Anthropic launched a new, unnamed services organization Monday in partnership with Blackstone, Hellman & Friedman, and Goldman Sachs that "will work with mid-sized companies across sectors to bring Claude into their most important operations," it said in a blog post. Right around the time of that announcement, Bloomberg reported that OpenAI is gearing up to launch a similar venture called The Deployment Company backed by $4 billion in investment from TPG, Brookfield Asset Management, Advent and Bain Capital.
Enterprise AI is a new discipline, and smaller companies that just started to feel comfortable with the notion of cloud computing are in for years of work learning how to use these tools safely and effectively without breaking their core applications. "Companies from community banks to mid-sized manufacturers and regional health systems stand to gain from AI, but lack the in-house resources to build and run frontier deployments," Anthropic said in its post.
Sierra raised $950 million in Series E funding, valuing the agentic customer service company founded by ex-Salesforce co-CEO Bret Taylor at more than $15 billion.
Blitzy landed $200 million in new funding for its software development platform, which helps companies automate the work beyond coding such as testing, deployment, and documentation.
Portland's own Panthalassa scored $140 million in Series B funding for its aquatic computing nodes, which generate power from ocean waves to run AI inference jobs over a satellite network.
Netomi raised $110 million in Series C funding for its customer experience technology, which uses AI agents to help companies understand how customers are using and reacting to their products on the internet.
DeepInfra landed $107 million in Series B funding for its AI inference computing platform, which currently runs across eight U.S. data centers.

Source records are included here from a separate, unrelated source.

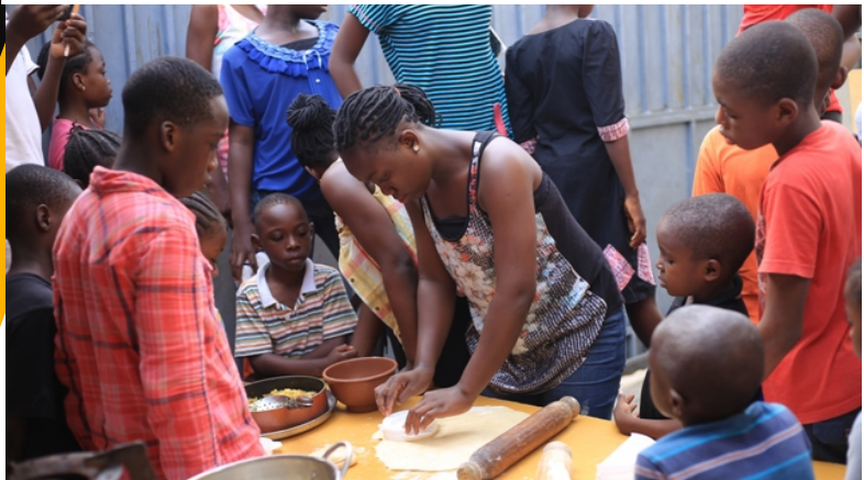
Tabitha Home Kids having a confectionary session
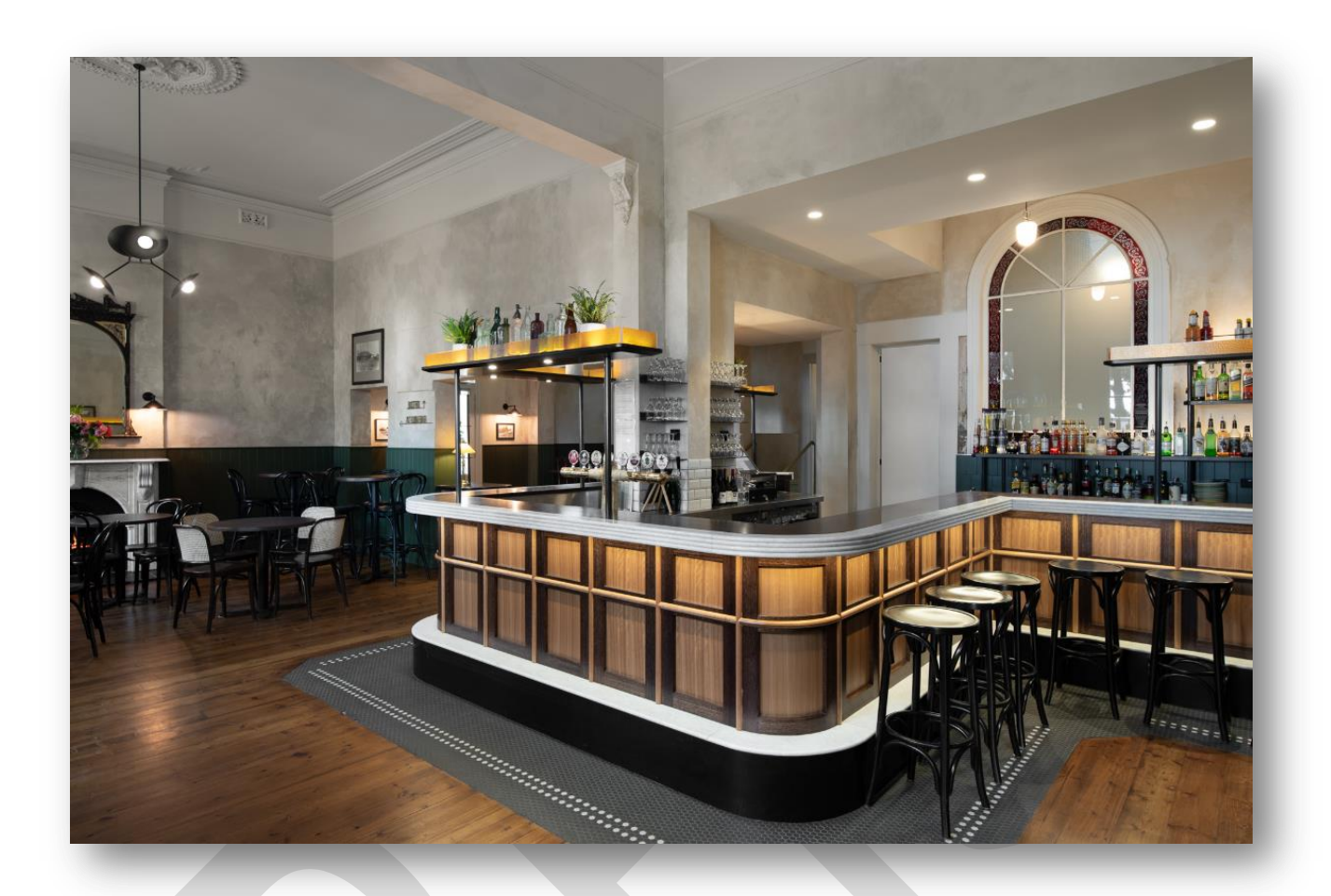
CHANGING TIMES 2023
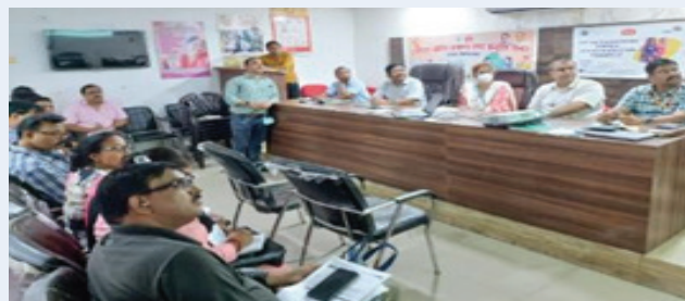
CCC members reviewing Firozabad's City Health Plan

Firozabad, City Government Officials (Integrated Child Development Scheme (ICDS), the District Urban Development Agency (DUDA), the Education department) along with UNICEF, WHO, and medical officers, reviewed the City Health Plan developed by NUHM in 2019-2020. The committee added new components to the city health plan in order to strengthen each aspect of the urban health system. Some key decisions from the review of
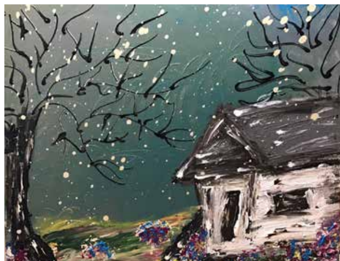
Spring Snow by Tracy Bettencourt
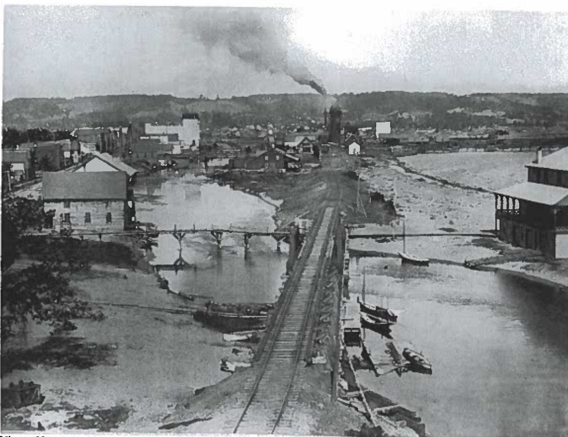
View of Traverse City and Ottawa-Boardman River Looking West
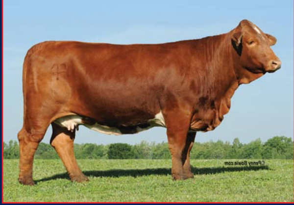
Hillary - (Infinity X Oasis) Excellent Painted Tiger and Jackpot daughters sell along with 3 Painted Tiger bulls and embryos out of Painted Tiger and Spartacus. She sells bred to Kingpin.
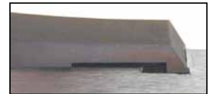
Forming a raised dovetail for a rear sight.

#Tool-Dovetail Dovetail forming tool only $12.99
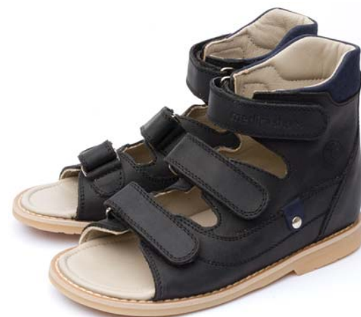
Chicago School 01/01 Sizes 20-35
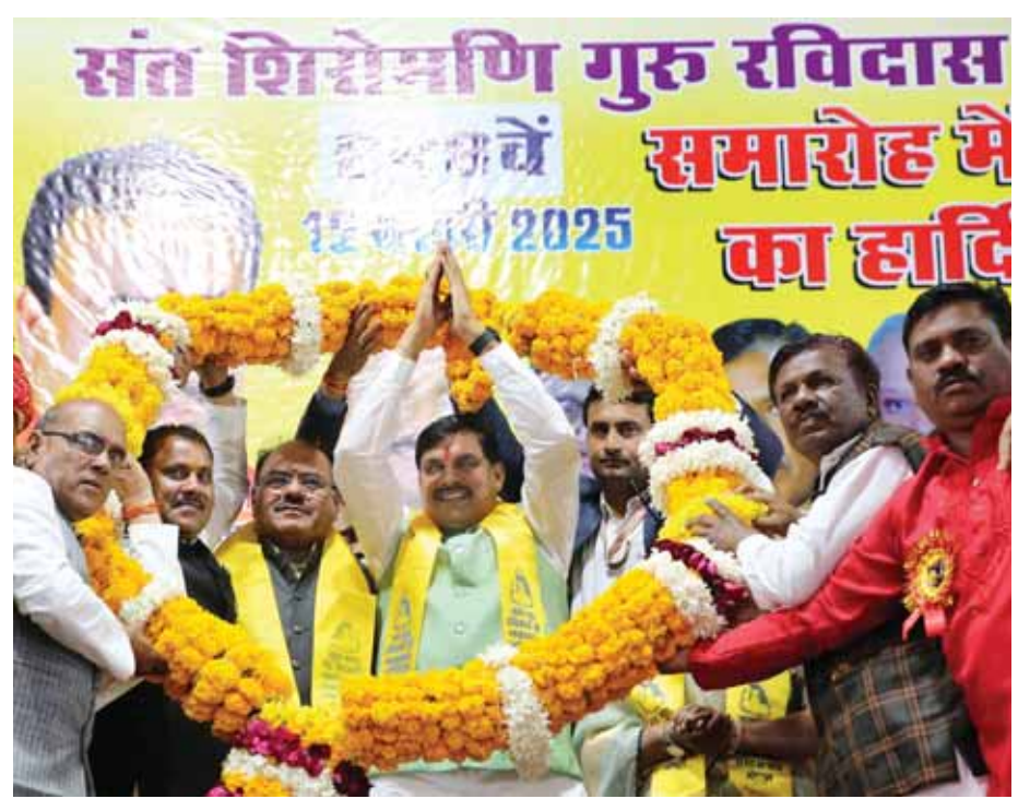
Madhya Pradesh Chief Minister Mohan Yadav being garlanded by the members of Ahirwar Community during the 648th birth anniversary celebration of Sant Ravidas, at Hindi Bhavan in Bhopal on Wednesday.
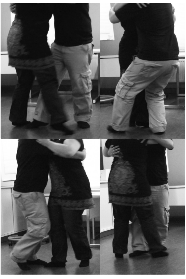
Figure 2. Hambo rotation.

interfere with each other so that the dancers can achieve a smooth, continuous rotation, which, in its turn, strengthens the horizontal movement. According to Asta, it is important that the asymmetrical movement has a clear and regular pulse both horizontally and vertically, and she stated that this is achieved only when the upper torso is actively taken into the dance from the first step. Jussi also emphasized the relevance of upper torso in making the rotation smooth and floating: the torso as well as the hold between the partners
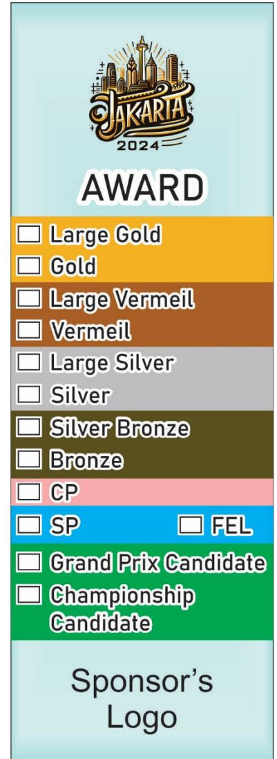
Figure 3 Ribbon Medal
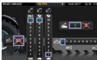
Intuitive way to set up settings with large controls and easy to understand functions.
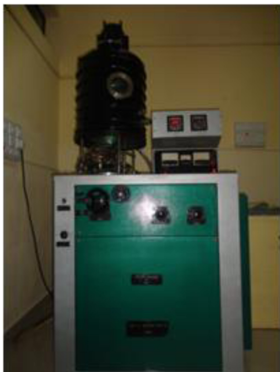
Fig. 1 Vacuum coating equipment

In a sterile beaker containing 10 mL of an MRS broth, an overnight-cultured lactobacillus culture broth was inoculated to a final concentration of 10 %. After this, 1 mL of this suspension was pipetted into each of the
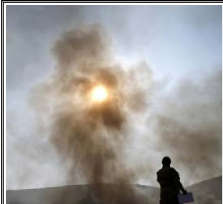
An Afghan police officer stands in front of a pile of burning narcotics in the outskirts of Kabul. Eighteen tons of narcotics which were seized in the past year around Kabul by Afghan security forces, were destroyed according to the Ministry of Counter Narcotics.
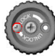
UNLOCKED Factory setting

TENSION ADJUSTMENT LOCK - Move screw to desired position
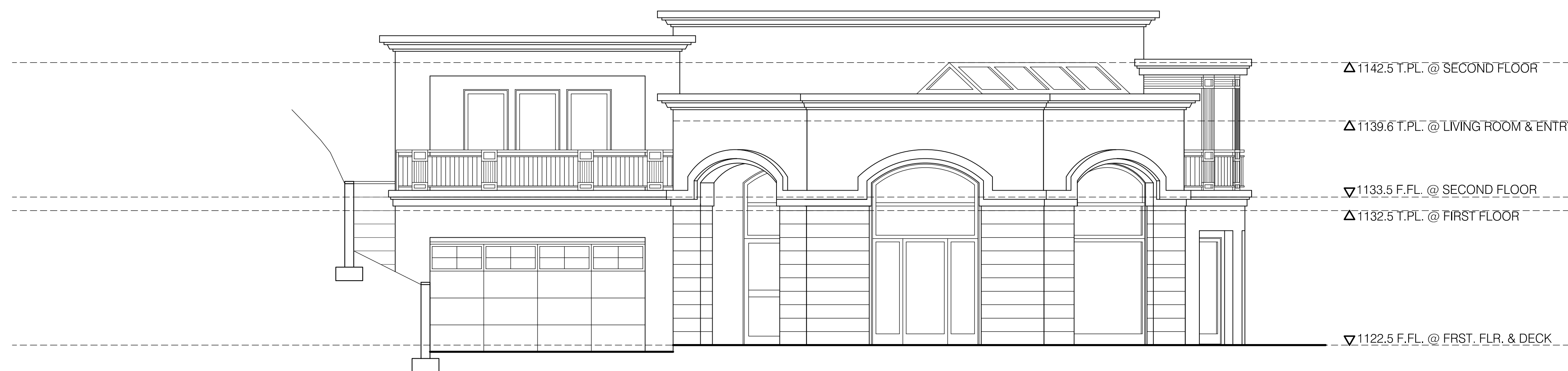
1 WEST ELEVATION 3/16" = 1'-0"
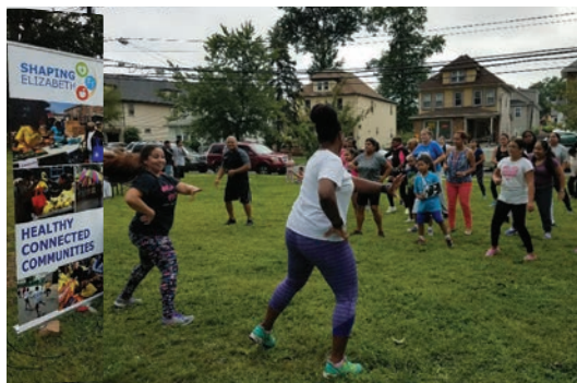
Community members participate in a fun fitness demonstration hosted by Shaping Elizabeth
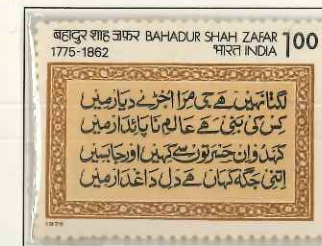
POEM OF BAHADURSHA JAFAR Wrote large number of Ghazals (Kulliat-I-Jafar) (24.10.1975).
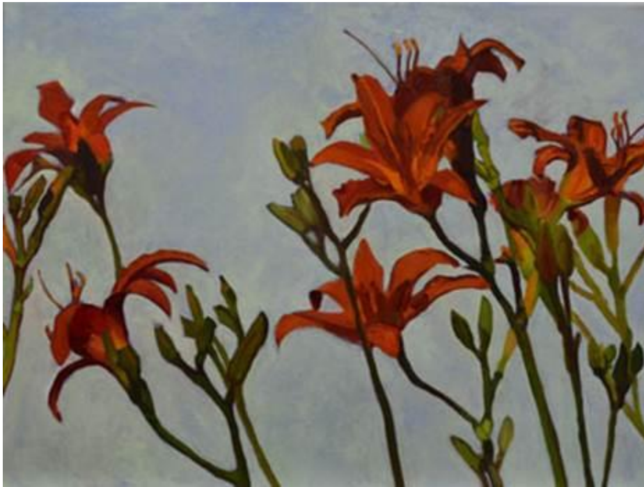
"Daylily Dance" 18 x 24 Oil/Canvas
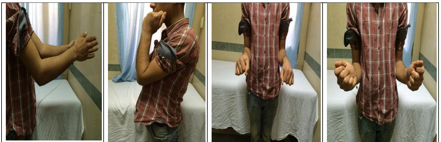
Figure 1: Clinical pre-operative ROM
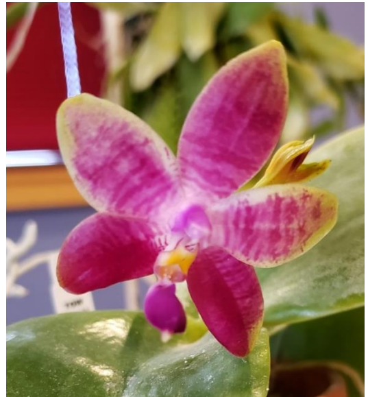
Phal. Princess Kaiulani
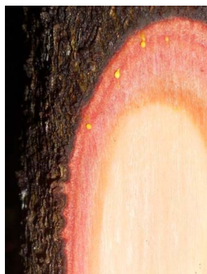
16 Tovomita fructipendula
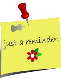
Photo taking will begin the week of May 22nd! If you have any questions, or need help signing up, you can call the parish office Tuesday thru Friday during business hours.

simply go to the Universal website, www.ucdir.com , click on the yellow sunburst icon, enter ne214 in the Church Code field and enter photos in the family Password field. Follow the prompts to schedule your family's appointment time.
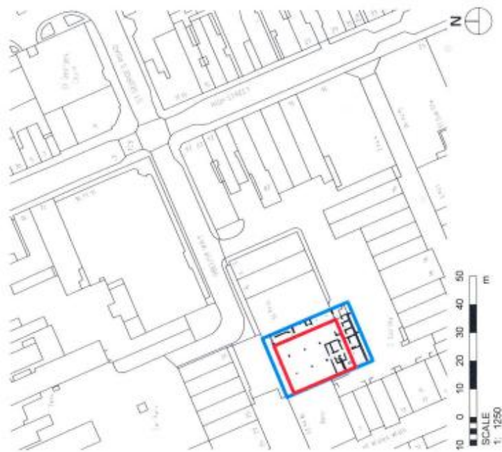
2 SITE PLAN GROUND FLOOR RETAIL STORE

For identification purposes only – not to scale.
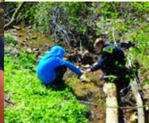
Water bug sampling in the stream. The chilly weather didn't stop these determined scientists!

Whether exploring the pond, learning about the importance of wetlands or working together to overcome challenges as a team – school students are guaranteed a day of hands-on, engaging programs.
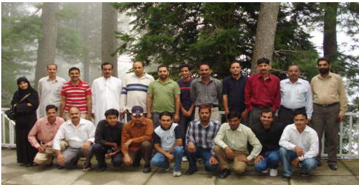
Rastgar Picnic trip to Nathia Galee Murree 2009
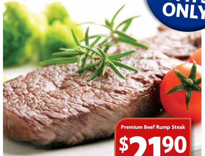
Premium Beef Rump Steak

CopilotKit scored $27 million in Series A funding for its AI development platform, which helps customers build AI applications around the AG-UI protocol that defines how agents interact with user interfaces.
Google, Microsoft, and xAI agreed to allow the U.S. Center for AI Standards and Innovation to review new AI models before they are released, joining Anthropic and OpenAI in a program established in 2024.
AMD's data-center revenue surged 57% during the last quarter, easily beating analyst estimates as AI chips continue to fly off the shelves.
Amazon employees will be allowed to use AI coding agents from Anthropic and OpenAI, according to Business Insider, after somebody finally decided that was probably enough dog food.
A Microsoft developer apologized for adding a "Co-authored by Copilot" message to code commits written using the VS Code editor even if users had disabled all the GitHub Copilot features in the popular tool.